How to complete this task
Within the data below, copy each line where the string "cabeza" is found.

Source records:
■ ■ ■

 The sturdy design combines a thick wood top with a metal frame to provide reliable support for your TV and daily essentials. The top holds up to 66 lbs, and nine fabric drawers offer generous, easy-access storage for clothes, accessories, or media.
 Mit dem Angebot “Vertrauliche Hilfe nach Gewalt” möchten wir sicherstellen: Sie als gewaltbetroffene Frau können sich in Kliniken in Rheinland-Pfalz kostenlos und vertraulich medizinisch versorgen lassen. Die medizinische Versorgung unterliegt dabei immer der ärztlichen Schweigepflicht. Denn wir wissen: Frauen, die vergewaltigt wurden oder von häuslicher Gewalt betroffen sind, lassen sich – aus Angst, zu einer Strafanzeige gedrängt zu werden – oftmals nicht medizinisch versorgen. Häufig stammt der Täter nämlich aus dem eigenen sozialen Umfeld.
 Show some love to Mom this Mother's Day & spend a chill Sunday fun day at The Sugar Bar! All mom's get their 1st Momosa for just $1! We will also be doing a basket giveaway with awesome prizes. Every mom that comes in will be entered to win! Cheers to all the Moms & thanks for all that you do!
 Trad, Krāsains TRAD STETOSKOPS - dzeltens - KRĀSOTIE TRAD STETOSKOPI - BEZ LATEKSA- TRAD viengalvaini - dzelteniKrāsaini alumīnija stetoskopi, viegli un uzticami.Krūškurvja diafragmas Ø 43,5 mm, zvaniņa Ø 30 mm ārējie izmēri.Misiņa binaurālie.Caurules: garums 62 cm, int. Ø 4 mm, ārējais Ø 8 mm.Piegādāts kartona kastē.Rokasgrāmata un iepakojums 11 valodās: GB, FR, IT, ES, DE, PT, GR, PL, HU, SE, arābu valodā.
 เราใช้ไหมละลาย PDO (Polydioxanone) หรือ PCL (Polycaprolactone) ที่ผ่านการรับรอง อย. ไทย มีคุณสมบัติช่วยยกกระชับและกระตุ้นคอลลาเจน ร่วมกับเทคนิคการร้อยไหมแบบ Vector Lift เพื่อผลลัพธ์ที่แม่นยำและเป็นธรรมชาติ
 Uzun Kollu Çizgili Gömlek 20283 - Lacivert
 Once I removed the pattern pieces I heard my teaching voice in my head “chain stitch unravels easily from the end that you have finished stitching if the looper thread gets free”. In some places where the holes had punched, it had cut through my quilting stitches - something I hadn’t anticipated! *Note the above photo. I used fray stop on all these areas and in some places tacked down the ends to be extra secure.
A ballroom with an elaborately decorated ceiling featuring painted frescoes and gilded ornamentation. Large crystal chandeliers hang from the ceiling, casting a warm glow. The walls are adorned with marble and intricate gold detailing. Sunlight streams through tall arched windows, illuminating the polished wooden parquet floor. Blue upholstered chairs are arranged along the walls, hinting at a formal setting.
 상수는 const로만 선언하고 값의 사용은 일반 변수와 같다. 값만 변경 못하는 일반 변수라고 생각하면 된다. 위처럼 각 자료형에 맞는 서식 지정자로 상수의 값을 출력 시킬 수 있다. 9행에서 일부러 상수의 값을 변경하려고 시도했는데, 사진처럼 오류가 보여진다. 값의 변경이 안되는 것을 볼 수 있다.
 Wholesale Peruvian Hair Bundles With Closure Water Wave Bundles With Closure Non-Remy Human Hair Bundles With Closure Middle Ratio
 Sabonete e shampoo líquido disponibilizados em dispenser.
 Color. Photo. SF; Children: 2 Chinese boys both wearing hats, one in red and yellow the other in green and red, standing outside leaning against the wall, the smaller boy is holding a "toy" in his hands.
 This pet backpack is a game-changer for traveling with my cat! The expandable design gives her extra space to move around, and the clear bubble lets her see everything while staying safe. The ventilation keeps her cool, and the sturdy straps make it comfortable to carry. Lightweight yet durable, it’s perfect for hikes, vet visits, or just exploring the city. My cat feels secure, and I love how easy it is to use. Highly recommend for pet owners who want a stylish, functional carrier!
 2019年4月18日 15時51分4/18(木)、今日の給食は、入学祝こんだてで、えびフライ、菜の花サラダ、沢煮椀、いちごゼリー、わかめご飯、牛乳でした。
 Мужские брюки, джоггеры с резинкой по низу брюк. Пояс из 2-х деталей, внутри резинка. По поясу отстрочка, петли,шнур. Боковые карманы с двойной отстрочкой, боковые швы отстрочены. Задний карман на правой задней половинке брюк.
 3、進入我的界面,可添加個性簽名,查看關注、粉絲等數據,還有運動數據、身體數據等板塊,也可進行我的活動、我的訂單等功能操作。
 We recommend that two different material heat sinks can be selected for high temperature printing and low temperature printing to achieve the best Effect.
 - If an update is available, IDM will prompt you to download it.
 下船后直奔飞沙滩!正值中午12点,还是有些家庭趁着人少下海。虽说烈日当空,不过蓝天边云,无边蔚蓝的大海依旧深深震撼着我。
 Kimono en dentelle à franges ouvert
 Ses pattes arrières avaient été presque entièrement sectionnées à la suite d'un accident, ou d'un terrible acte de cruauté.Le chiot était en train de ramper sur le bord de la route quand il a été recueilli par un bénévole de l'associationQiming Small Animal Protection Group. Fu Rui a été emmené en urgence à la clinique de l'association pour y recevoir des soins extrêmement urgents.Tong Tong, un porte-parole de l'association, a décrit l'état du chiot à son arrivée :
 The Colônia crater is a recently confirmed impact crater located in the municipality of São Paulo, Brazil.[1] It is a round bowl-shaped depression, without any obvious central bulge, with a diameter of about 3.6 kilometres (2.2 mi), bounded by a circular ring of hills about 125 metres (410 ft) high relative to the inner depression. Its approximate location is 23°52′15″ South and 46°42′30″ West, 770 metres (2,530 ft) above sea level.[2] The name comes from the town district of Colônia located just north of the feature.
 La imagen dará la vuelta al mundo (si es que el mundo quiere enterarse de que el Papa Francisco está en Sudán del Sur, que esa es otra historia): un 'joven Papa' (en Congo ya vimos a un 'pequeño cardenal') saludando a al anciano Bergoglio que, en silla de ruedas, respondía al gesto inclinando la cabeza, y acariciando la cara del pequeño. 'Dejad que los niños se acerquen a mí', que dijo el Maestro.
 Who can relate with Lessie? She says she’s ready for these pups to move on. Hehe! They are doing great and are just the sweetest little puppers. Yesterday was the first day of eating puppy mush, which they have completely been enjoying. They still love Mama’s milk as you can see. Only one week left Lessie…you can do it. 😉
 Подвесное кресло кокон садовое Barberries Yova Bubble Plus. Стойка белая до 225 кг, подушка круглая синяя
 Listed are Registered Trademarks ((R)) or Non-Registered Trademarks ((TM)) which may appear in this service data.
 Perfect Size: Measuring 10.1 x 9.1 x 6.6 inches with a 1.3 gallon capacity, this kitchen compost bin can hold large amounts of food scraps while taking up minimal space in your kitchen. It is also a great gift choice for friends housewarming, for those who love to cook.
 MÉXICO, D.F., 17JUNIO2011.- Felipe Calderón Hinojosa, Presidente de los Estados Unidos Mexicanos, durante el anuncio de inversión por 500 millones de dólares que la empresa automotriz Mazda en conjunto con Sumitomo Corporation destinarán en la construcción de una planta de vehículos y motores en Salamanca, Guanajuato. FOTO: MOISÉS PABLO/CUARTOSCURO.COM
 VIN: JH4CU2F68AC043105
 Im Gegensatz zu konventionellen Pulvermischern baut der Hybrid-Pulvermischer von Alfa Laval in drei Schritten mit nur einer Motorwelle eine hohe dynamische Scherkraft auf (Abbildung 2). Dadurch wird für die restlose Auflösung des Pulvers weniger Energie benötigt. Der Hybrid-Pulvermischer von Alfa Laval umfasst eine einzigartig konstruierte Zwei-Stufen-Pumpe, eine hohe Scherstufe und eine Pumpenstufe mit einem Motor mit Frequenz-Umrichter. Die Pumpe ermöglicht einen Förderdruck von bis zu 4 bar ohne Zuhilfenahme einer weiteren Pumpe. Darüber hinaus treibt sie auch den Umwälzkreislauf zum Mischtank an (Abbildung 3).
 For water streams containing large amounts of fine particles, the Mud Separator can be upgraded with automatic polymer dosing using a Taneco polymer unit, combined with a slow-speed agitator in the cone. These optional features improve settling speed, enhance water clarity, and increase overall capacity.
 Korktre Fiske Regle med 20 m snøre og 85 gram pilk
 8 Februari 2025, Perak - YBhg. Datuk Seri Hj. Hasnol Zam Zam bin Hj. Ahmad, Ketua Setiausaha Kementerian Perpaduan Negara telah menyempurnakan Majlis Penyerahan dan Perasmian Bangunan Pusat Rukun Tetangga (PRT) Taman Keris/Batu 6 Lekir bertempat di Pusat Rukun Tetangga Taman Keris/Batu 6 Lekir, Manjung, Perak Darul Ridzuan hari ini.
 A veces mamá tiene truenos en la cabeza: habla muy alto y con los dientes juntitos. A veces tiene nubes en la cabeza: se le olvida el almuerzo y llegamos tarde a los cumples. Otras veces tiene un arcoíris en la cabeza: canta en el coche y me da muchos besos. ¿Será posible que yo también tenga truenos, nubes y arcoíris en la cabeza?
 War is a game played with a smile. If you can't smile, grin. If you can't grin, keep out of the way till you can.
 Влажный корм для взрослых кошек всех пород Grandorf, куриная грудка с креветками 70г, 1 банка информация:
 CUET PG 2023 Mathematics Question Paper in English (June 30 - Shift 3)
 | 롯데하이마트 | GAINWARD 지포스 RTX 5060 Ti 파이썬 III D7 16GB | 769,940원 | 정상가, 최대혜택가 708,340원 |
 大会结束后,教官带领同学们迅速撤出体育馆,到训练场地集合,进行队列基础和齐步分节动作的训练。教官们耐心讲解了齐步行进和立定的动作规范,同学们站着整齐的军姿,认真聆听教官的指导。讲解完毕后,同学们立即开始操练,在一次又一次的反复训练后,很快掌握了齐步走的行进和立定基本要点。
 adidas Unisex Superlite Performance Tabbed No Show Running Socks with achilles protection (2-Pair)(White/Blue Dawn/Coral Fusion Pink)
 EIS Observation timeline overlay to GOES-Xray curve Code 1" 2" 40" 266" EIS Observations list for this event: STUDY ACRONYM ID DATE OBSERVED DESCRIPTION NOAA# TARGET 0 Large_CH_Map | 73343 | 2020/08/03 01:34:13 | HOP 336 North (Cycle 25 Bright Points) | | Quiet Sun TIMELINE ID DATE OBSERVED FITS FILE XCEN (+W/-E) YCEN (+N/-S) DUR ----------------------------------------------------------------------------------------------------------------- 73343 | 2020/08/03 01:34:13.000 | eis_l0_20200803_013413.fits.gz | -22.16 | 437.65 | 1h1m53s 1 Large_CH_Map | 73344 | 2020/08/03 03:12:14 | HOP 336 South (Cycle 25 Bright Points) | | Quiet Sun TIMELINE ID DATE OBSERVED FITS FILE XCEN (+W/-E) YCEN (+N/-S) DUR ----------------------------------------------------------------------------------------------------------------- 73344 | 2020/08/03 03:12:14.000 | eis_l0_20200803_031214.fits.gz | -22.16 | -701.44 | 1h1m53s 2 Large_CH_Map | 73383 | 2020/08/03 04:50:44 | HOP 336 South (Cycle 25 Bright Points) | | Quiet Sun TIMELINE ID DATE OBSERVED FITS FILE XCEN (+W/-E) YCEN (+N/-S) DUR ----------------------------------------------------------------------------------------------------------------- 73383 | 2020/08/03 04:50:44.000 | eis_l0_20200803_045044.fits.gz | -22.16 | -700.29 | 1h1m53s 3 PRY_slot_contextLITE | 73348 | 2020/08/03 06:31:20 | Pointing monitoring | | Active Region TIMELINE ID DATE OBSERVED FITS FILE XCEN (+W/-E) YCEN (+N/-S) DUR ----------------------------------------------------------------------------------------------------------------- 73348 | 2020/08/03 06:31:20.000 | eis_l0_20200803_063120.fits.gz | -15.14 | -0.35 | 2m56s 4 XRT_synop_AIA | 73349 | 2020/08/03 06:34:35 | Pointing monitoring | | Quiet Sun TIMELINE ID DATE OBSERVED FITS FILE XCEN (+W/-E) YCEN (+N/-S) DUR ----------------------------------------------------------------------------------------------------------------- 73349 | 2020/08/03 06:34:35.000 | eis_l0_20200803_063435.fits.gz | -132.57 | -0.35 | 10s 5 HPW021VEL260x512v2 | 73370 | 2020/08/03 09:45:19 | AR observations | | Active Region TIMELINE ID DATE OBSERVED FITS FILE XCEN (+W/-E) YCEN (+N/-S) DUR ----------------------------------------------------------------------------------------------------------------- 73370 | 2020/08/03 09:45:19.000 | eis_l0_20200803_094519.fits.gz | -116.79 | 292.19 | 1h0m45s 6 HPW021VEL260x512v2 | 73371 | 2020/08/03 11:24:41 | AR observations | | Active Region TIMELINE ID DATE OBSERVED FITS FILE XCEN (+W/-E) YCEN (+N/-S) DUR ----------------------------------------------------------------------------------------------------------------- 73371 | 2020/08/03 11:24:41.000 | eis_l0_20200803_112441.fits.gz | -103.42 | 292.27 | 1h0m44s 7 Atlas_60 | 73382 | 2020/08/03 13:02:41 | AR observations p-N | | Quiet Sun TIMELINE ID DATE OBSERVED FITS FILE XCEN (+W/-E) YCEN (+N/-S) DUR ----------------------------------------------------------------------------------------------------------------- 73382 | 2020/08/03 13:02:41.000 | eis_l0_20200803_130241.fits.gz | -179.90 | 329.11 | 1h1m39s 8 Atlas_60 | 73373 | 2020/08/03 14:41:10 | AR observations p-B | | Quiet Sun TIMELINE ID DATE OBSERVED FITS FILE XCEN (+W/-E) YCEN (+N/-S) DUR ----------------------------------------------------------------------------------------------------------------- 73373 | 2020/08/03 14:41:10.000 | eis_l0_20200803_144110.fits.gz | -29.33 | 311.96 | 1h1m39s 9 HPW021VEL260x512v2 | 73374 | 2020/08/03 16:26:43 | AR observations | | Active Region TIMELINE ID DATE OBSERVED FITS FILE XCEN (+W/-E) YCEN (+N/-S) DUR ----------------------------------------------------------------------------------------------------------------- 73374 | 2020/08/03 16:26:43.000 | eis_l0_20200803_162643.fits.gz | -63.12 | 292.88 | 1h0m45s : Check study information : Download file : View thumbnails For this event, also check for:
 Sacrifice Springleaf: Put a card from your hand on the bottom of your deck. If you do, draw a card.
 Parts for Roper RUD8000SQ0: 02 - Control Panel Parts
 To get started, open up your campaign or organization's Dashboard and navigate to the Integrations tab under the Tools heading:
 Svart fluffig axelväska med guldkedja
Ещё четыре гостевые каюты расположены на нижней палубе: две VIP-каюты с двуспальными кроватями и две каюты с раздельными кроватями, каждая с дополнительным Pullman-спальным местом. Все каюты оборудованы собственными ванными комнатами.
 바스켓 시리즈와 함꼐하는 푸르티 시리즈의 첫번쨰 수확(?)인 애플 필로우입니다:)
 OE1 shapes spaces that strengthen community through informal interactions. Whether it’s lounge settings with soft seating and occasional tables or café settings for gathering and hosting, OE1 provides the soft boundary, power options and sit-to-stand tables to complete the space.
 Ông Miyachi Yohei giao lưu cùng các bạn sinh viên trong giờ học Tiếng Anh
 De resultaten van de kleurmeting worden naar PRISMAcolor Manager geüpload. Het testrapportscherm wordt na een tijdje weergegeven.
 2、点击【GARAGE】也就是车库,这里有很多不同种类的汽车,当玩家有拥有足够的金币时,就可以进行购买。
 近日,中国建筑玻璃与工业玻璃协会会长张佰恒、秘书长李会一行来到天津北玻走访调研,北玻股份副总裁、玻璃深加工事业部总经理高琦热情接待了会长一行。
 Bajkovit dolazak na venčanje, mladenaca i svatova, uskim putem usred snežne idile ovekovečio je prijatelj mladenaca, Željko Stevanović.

■ ■ ■

Written answer
 La imagen dará la vuelta al mundo (si es que el mundo quiere enterarse de que el Papa Francisco está en Sudán del Sur, que esa es otra historia): un 'joven Papa' (en Congo ya vimos a un 'pequeño cardenal') saludando a al anciano Bergoglio que, en silla de ruedas, respondía al gesto inclinando la cabeza, y acariciando la cara del pequeño. 'Dejad que los niños se acerquen a mí', que dijo el Maestro.
 A veces mamá tiene truenos en la cabeza: habla muy alto y con los dientes juntitos. A veces tiene nubes en la cabeza: se le olvida el almuerzo y llegamos tarde a los cumples. Otras veces tiene un arcoíris en la cabeza: canta en el coche y me da muchos besos. ¿Será posible que yo también tenga truenos, nubes y arcoíris en la cabeza?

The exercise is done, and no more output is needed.